About this exercise :: Apart from the pictures, write out the records that follow exactly.

Dataset excerpts ::
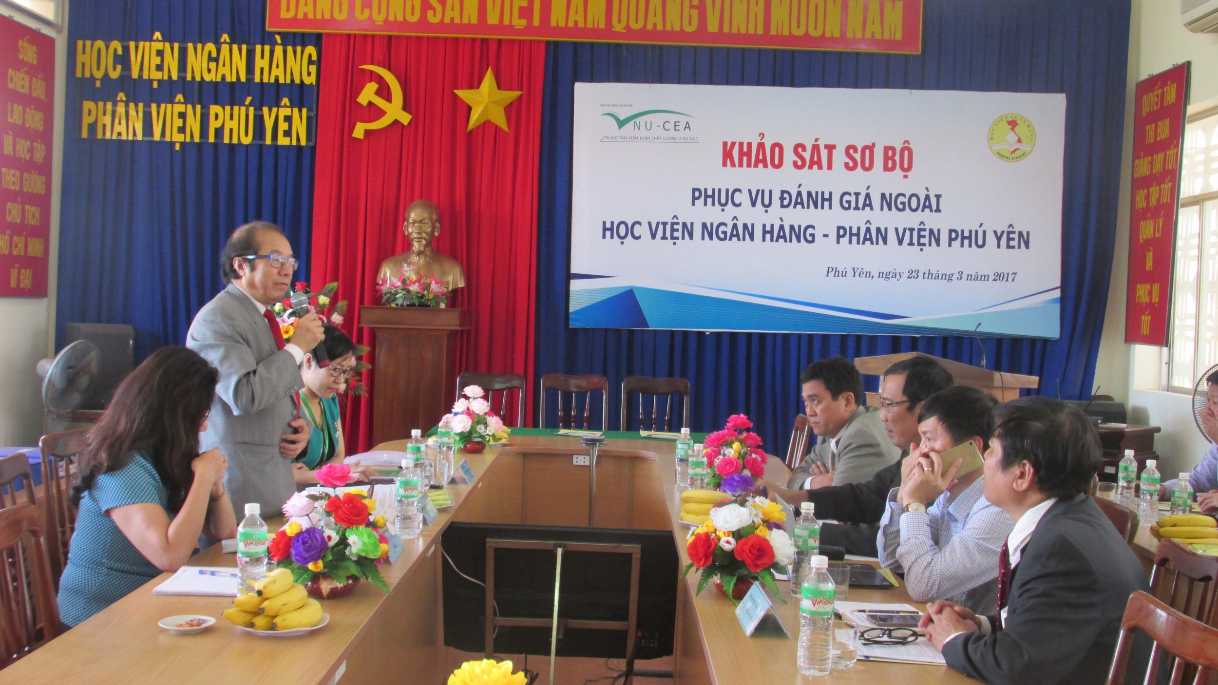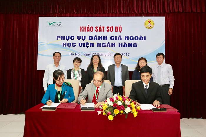 Chiều ngày 22/3/2017, tại trụ sở Hà Nội, Đoàn chuyên gia đánh giá ngoài (ĐGN) của Trung tâm Kiểm định chất lượng giáo dục - Đại học Quốc gia Hà Nội (KĐCLGD-ĐHQGHN) đã tiến hành khảo sát sơ bộ tại Học viện Ngân hàng để chuẩn bị cho đợt khảo sát chính thức Học viện theo quy trình đánh giá chất lượng trường đại học của Bộ Giáo dục và Đào tạo.
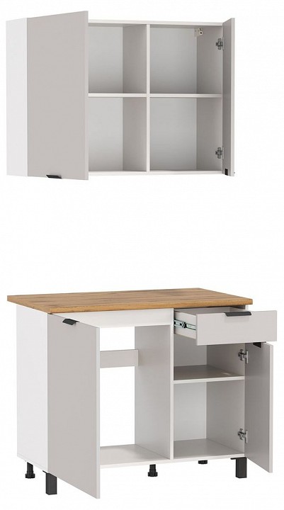 Примечание: В комплект входит: стол-тумба — 1000х600х850, тумба навесная — 1000х320х720. В комплект не входит: мойка смеситель стеновая панель (фартук) бытовая техника.
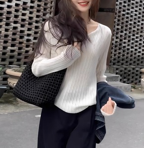 法式感漂亮白色V领上衣女2025年秋季新款针织衫设计小众
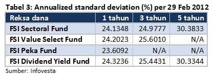 Kinerja pasar saham tentunya akan terefleksikan dalam kinerja reksa dana saham. Mari kita lihat kinerja historis reksa dana saham kelolaan First State Investments Indonesia berikut ini: Dari tabel di atas terlihat bahwa semakin panjang horison investasinya, makin besar imbal hasil yang bisa diraih oleh investor. Sebagai contoh, jika seorang investor berinvestasi di reksa dana FSI Sectoral Fund maka jika ia berinvestasi selama setahun maka ia memperoleh imbal hasil 17,01%; sedangkan jika ia berinvestasi selama 5 tahun maka imbal hasil yang diperolehnya adalah sebesar 18,30% dan jika ia berinvestasi sejak reksa dana ini diluncurkan pada tahun 2005 maka imbal hasilnya adalah 23,28% per tahun. Lebih lanjut penulis mencoba menganalisa volatilitas masing-masing reksa dana untuk periode 1, 3 dan 5 tahun, sebagaimana diukur lewat standar deviasi. Dalam ilmu statistik standard deviasi menyatakan seberapa besar dispersi atau penyebaran suatu kumpulan data dari nilai rata-ratanya. Semakin besar standar deviasi berarti semakin lebar penyebaran datanya. Jadi untuk reksa dana dengan imbal hasil rata-rata sebesar x% dan standar deviasi sebesar y% selama 1 tahun, berarti selama periode 1 tahun tersebut imbal hasil reksa dana bervariasi dari (x-y)% sampai (x+y)%. Pada teorinya, semakin panjang periode investasi maka semakin kecil standar deviasinya, namun jika menilik data di bawah ini, ternyata yang terjadi justru sebaliknya! Mengapa demikian? Karena dalam periode 5 tahun terakhir terjadi krisis finansial – tahun 2008-2009 terkait krisis kredit perumahan (subprime mortgage crisis) di Amerika Serikat yang kemudian berlanjut ke krisis utang di zona Euro. Adanya krisis menimbulkan goncangan (shock) sehingga membuat volatilitas selama periode 3 tahun lebih tinggi dari 1 tahun, dan periode 5 tahun lebih tinggi dari 3 tahun. Namun, dari data standar deviasi ini kita bisa berbesar hati karena ternyata meskipun didera volatilitas pasar yang tinggi, ternyata pasar saham Indonesia masih membukukan imbal hasil yang atraktif. Bahkan sepanjang tahun 2011, hanya ada 4 indeks saham yang masih membukukan imbal hasil positif: Dow Jones Industrial Average, S&P 500, Philippines SE IDX dan Indeks Harga Saham Gabungan (IHSG). Suatu prestasi yang mengagumkan bukan? Imbal hasil reksa dana saham pun memberikan imbal hasil yang atraktif, sebagaimana telah dipaparkan dalam tabel 2. Kesimpulan
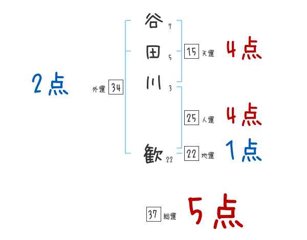 谷田川歓さんの画数の鑑定結果
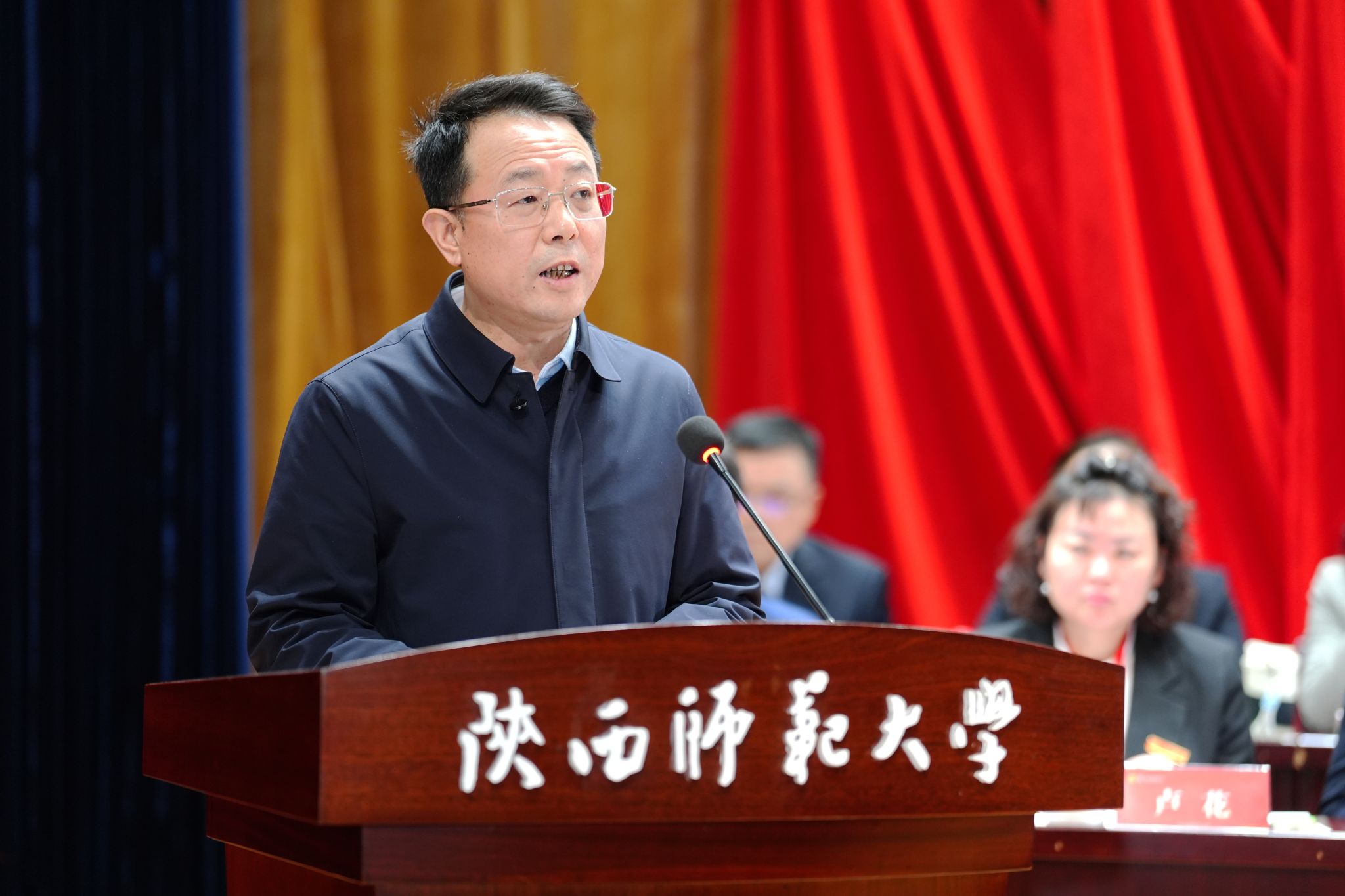 陈新兵表示,过去六年多,全校师生员工始终坚持以习近平新时代中国特色社会主义思想为指导,全面贯彻“面向世界、胸怀国家、心系人民、扎根西部、服务陕西”发展理念,在政治引领、立德树人、教师教育、深化改革等八个方面取得了显著成绩。他指出,我们必须主动适应深刻变革形势,从中国式现代化对教育强国建设的重要部署来看,回答好“何以报国”;从科技革命与产业变革浪潮来看,回答好“何以育才”;从“学龄人口梯次达峰”对教师规模结构质量提出的全新要求来看,回答好“何以强师”;从陕西建设发展之需来看,回答好“何以兴陕”。我们要发挥优势,厚植发展底气,直面瓶颈,锚定发展重点,在人才培养、学科建设、科学研究、队伍建设、治理效能、数智赋能等领域花大力气、下苦功夫。

Result of this exercise ::
 Chiều ngày 22/3/2017, tại trụ sở Hà Nội, Đoàn chuyên gia đánh giá ngoài (ĐGN) của Trung tâm Kiểm định chất lượng giáo dục - Đại học Quốc gia Hà Nội (KĐCLGD-ĐHQGHN) đã tiến hành khảo sát sơ bộ tại Học viện Ngân hàng để chuẩn bị cho đợt khảo sát chính thức Học viện theo quy trình đánh giá chất lượng trường đại học của Bộ Giáo dục và Đào tạo.
 Примечание: В комплект входит: стол-тумба — 1000х600х850, тумба навесная — 1000х320х720. В комплект не входит: мойка смеситель стеновая панель (фартук) бытовая техника.
 法式感漂亮白色V领上衣女2025年秋季新款针织衫设计小众
 Kinerja pasar saham tentunya akan terefleksikan dalam kinerja reksa dana saham. Mari kita lihat kinerja historis reksa dana saham kelolaan First State Investments Indonesia berikut ini: Dari tabel di atas terlihat bahwa semakin panjang horison investasinya, makin besar imbal hasil yang bisa diraih oleh investor. Sebagai contoh, jika seorang investor berinvestasi di reksa dana FSI Sectoral Fund maka jika ia berinvestasi selama setahun maka ia memperoleh imbal hasil 17,01%; sedangkan jika ia berinvestasi selama 5 tahun maka imbal hasil yang diperolehnya adalah sebesar 18,30% dan jika ia berinvestasi sejak reksa dana ini diluncurkan pada tahun 2005 maka imbal hasilnya adalah 23,28% per tahun. Lebih lanjut penulis mencoba menganalisa volatilitas masing-masing reksa dana untuk periode 1, 3 dan 5 tahun, sebagaimana diukur lewat standar deviasi. Dalam ilmu statistik standard deviasi menyatakan seberapa besar dispersi atau penyebaran suatu kumpulan data dari nilai rata-ratanya. Semakin besar standar deviasi berarti semakin lebar penyebaran datanya. Jadi untuk reksa dana dengan imbal hasil rata-rata sebesar x% dan standar deviasi sebesar y% selama 1 tahun, berarti selama periode 1 tahun tersebut imbal hasil reksa dana bervariasi dari (x-y)% sampai (x+y)%. Pada teorinya, semakin panjang periode investasi maka semakin kecil standar deviasinya, namun jika menilik data di bawah ini, ternyata yang terjadi justru sebaliknya! Mengapa demikian? Karena dalam periode 5 tahun terakhir terjadi krisis finansial – tahun 2008-2009 terkait krisis kredit perumahan (subprime mortgage crisis) di Amerika Serikat yang kemudian berlanjut ke krisis utang di zona Euro. Adanya krisis menimbulkan goncangan (shock) sehingga membuat volatilitas selama periode 3 tahun lebih tinggi dari 1 tahun, dan periode 5 tahun lebih tinggi dari 3 tahun. Namun, dari data standar deviasi ini kita bisa berbesar hati karena ternyata meskipun didera volatilitas pasar yang tinggi, ternyata pasar saham Indonesia masih membukukan imbal hasil yang atraktif. Bahkan sepanjang tahun 2011, hanya ada 4 indeks saham yang masih membukukan imbal hasil positif: Dow Jones Industrial Average, S&P 500, Philippines SE IDX dan Indeks Harga Saham Gabungan (IHSG). Suatu prestasi yang mengagumkan bukan? Imbal hasil reksa dana saham pun memberikan imbal hasil yang atraktif, sebagaimana telah dipaparkan dalam tabel 2. Kesimpulan
 谷田川歓さんの画数の鑑定結果
 陈新兵表示,过去六年多,全校师生员工始终坚持以习近平新时代中国特色社会主义思想为指导,全面贯彻“面向世界、胸怀国家、心系人民、扎根西部、服务陕西”发展理念,在政治引领、立德树人、教师教育、深化改革等八个方面取得了显著成绩。他指出,我们必须主动适应深刻变革形势,从中国式现代化对教育强国建设的重要部署来看,回答好“何以报国”;从科技革命与产业变革浪潮来看,回答好“何以育才”;从“学龄人口梯次达峰”对教师规模结构质量提出的全新要求来看,回答好“何以强师”;从陕西建设发展之需来看,回答好“何以兴陕”。我们要发挥优势,厚植发展底气,直面瓶颈,锚定发展重点,在人才培养、学科建设、科学研究、队伍建设、治理效能、数智赋能等领域花大力气、下苦功夫。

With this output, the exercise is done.